LAURA NATOLI
Cronaca

Ricoverato per Covid, morì dopo 40 giorni a causa di un’infezione

L’uomo, peruviano di 49 anni, è deceduto all’ospedale di Prato. La perizia del giudice ha stabilito che il paziente non fu curato adeguatamente

OSPEDALE DI RAVENNA - REPARTO DI MEDICINA, STANZE COVID

OSPEDALE DI RAVENNA - REPARTO DI MEDICINA, STANZE COVID

Prato, 12 agosto 2025 – Un calvario andato avanti 40 giorni fino alla tragedia avvenuta il 22 dicembre del 2020, nel pieno della pandemia. A rimetterci fu un peruviano di 47 anni che, ricoverato all’ospedale di Prato per Covid il 5 novembre del 2020, morì poco prima di Natale ma non per le conseguenze del Covid, anche se “non fu curato adeguatamente”, ma per una serie di infezioni che il paziente ha contratto nel lungo periodo in cui è rimasto ricoverato in ospedale.

A stabilire la causa del decesso, dopo quasi cinque anni, è stata la consulenza tecnica disposta dal giudice civile di Firenze, Roberto Monteverde. A rivolgersi al tribunale contro l’Asl Toscana centro, a cui fa riferimento l’ospedale di Prato, è stata la famiglia dell’uomo, la moglie e i due figli che all’epoca erano minorenni, assistiti dall’avvocato Pietro Ferrari di Firenze. Il giudice ha disposto la consulenza per capire che cosa abbia causato la morte del peruviano e se fosse stato possibile evitarla. La causa non è ancora arrivata a sentenza ma la consulenza tecnica mette nero su bianco quelle che, a parere del perito nominato dal giudice (il medico legale Giuseppe Garcea) sono state le cause del decesso. La morte non sarebbe direttamente correlata all’infezione da Covid, motivo per cui l’uomo, che lavorava presso una cooperativa a Firenze, era stato ricoverato il 5 novembre 2020 a Prato. A ucciderlo sarebbe stata una infezione ospedaliera contratta a causa della contaminazione dei sondini utilizzati durante la degenza in rianimazione.
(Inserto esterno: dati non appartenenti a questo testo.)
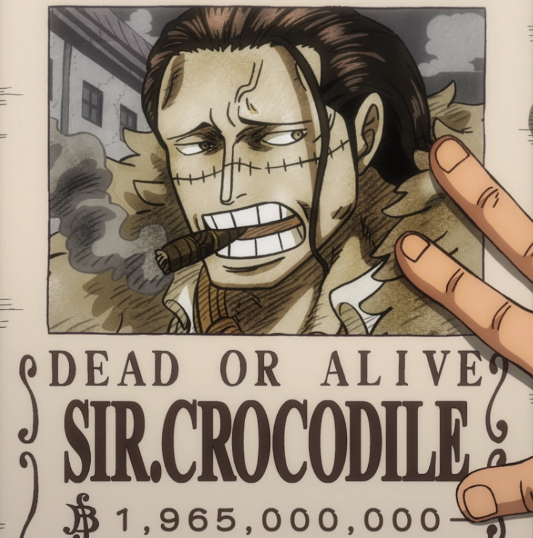 Crocodile est un ancien membre des 7 Capitaines Corsaires, montrant son statut de puissant pirate. Son ancienne prime s'élevait à
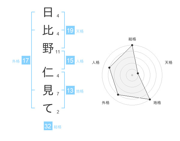 日比野 仁見てさんを姓名の画数から五運を鑑定
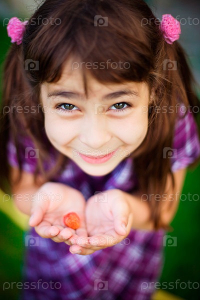 Портрет маленькой красивой девочки с езмляникой на свежем воздухе
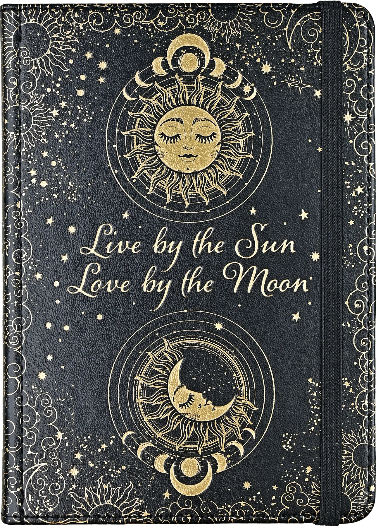 This sophisticated notebook boasts a vegan leather cover, fancy stitching, and a sun and moon design with the phrase "Live by the Sun, Love by the Moon" in glistening gold foil!
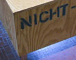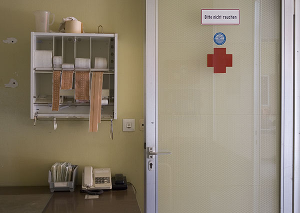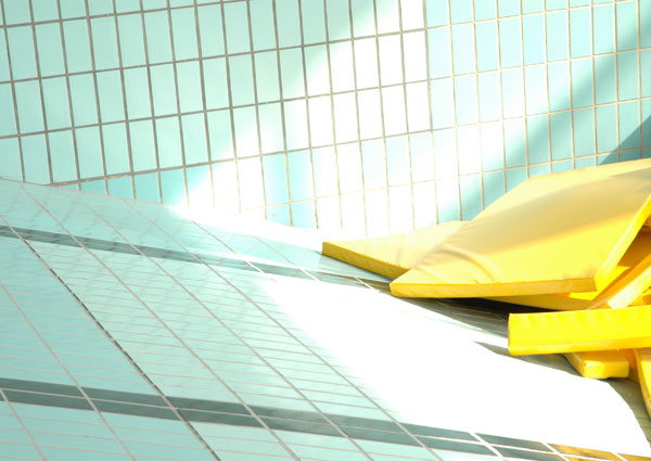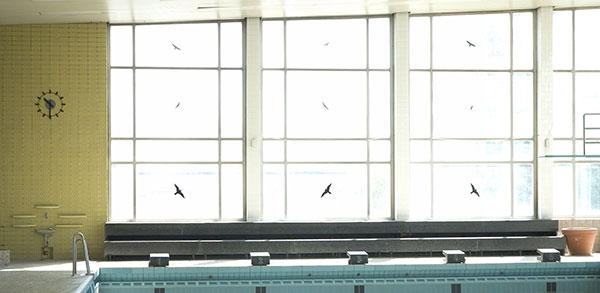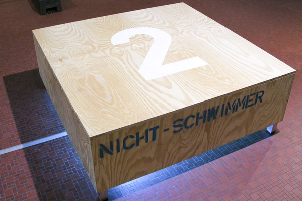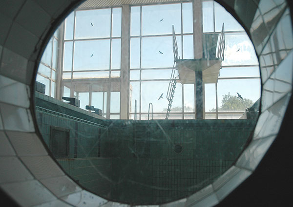 Bildthemen sind Übersichten des Hallenbades und Fotos von vertrauten Details. Ehemalige Angestellte und Besucher ergänzen die Arbeit in Portraits und in Worten.
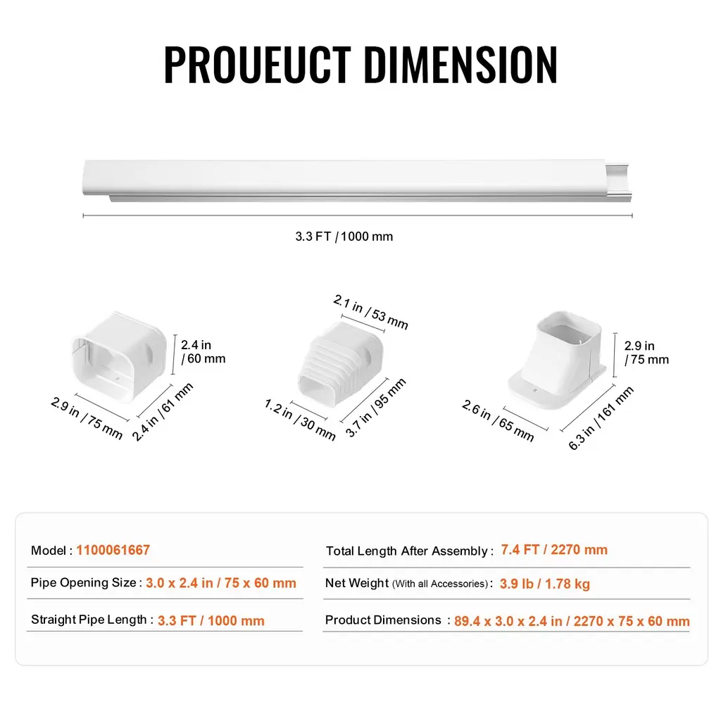 Accurate Measurement Before Purchasing: To avoid size errors after purchase, all components have been precisely measured. It is recommended to measure the distance and mark the installation route before purchasing. After measurement, you can select the appropriate size according to your needs. Turn Clutter Into Neatness: The total length after assembling all components is 10.2FT / 7.4FT / 17.7FT , suitable for various split air conditioning pipelines. It can also be cut according to actual needs. Complete Accessories & Easy Installation: Apart from the free joint, each component is divided in the middle for effortless integration with any prior or existing setup. Each straight pipe measures 3.3FT( 7.4FT option) / 1.5FT(10.2FT option) / 17.4in(17.7FT option), featuring a snap-in design for swift installation. The comprehensive accessory set ensures a professional finish for every system. Premium Material & Ultra Durable: Our lineset cover is made of special high-grade PVC+PE, which protects the pipeline from natural factors by virtue of excellent impact resistance and weather resistance. It is not prone to aging even with prolonged use.Optimal Wire Group Protection Solution: Properly storing and safeguarding the refrigerant AC pipeline is crucial for extending the lifespan of air conditioning units. Our line set cover is excellently tailored for both small split and traditional air conditioner systems, ensuring optimal protection and longevity for your equipment. 10.2FT Package Content Straight Pipes x 5 Swivel Joint x 1 Straight Pipe Joint x 4 Pipe End Cap x 1 Wall Penetration Guard (90°) x 1 Horizontal Bending x 1 Vertical Bending x 1 ST3.5 x 16 Screws x 19 ST4 x 25 Screws x 12 Cable Ties x 12 User Manual x 1 7.4FT Package Content Straight Pipes x 2 Wall Penetration Guard (90°) x 1 Straight Pipe Joint x 1 Pipe End Cap x 1 ST3.5 x 16 Screws x 8 ST4 x 25 Screws x 5 Cable Ties x 5 User Manual x 1 17.7FT Package Content Straight Pipes x 10 Swivel Joint x 1 Straight Pipe Joint x 9 Pipe End Cap x 1 Horizontal Bending x 1 Vertical Bending x 1 Wall Penetration Guard (90°) x 1 Wall Penetration Guard (Straight) x 1 ST3.5 x 16 Screws x 30 ST4 x 25 Screws x 19 Cable Ties x 22 User Manual x 1
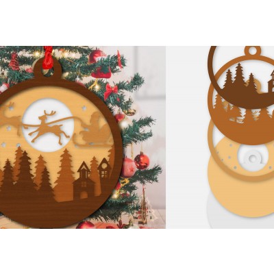 Σετ των 3 Intra απο ξύλο plywood 3mm-4mm πάχος Χριστουγεννιάτικο έλκηθρο στολίδι με λέιζερ Δίασταση 8x8 cm INTRAFABR-110141290
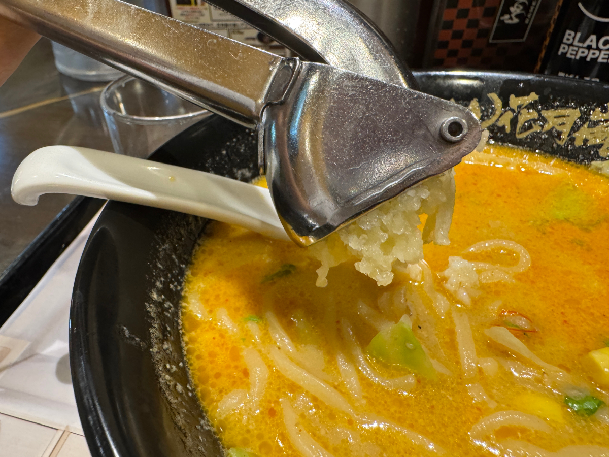 途中から、店員さんにお願いをして無料のニンニクをもらって投入。これがもう大正解。すでに「僕の味噌ラーメンⅡ」は完成形のラーメン。よってトッピングや調味料を足さなくともじゅうぶんなのだが、ニンニクを入れることで「クリーミィーさ」と「甘味」と「旨味」が際立つことがわかった。冴えたる刺激が、優しい味を浮き彫りにするのかもしれない。

“La diagnosi corretta – scrive il perito – è di shock settico refrattario dovuto a sepsi da ’baumannii’”. Si tratta di una infezione che si contrae proprio in ospedale e per la quale l’Asl è stata citata a giudizio. E, sempre secondo il consulente del giudice, la terapia antibiotica è stata sì tempestiva ma “non adeguata” al trattamento del paziente in quel momento.

Il consulente ha voluto sottolineare come si trattasse di un periodo molto complicato per gli ospedali, costantemente sotto pressione e alle prese con la gestione della seconda ondata del Covid.

“Molti ospedali erano al collasso o al limite della capienza – scrive –; i pronto soccorso erano affollati, se non pieni, con lunghe attese anche per i pazienti gravi. Molte strutture avevano sospeso le attività ordinarie, compreso gli interventi chirurgici non urgenti. I carichi di lavoro erano estremi con turni prolungati (anche 12-14 ore). I medici e gli infermieri erano sotto stress, e a rischio: si registravano ancora molti casi di contagio tra il personale sanitario”.

La consulenza ha inoltre accertato che la terapia antibiotica applicata al momento del ricovero del peruviano era insufficiente, in quanto i valori di antibiotico riscontrati nel sangue del paziente erano di livello inferiore a quello necessario per una efficace terapia. Le condizioni dell’uomo erano molto gravi al momento del ricovero anche se si trattava di una persona tutto sommato “sana”, senza particolari malattie pregresse. Inoltre la perizia ha considerato “ingiustificabile” il comportamento dell’ospedale che non ha applicato “le terapie antivirali disponibili al momento”. La causa al tribunale civile di Firenze è in corso e i familiari dell’uomo attendono la sentenza.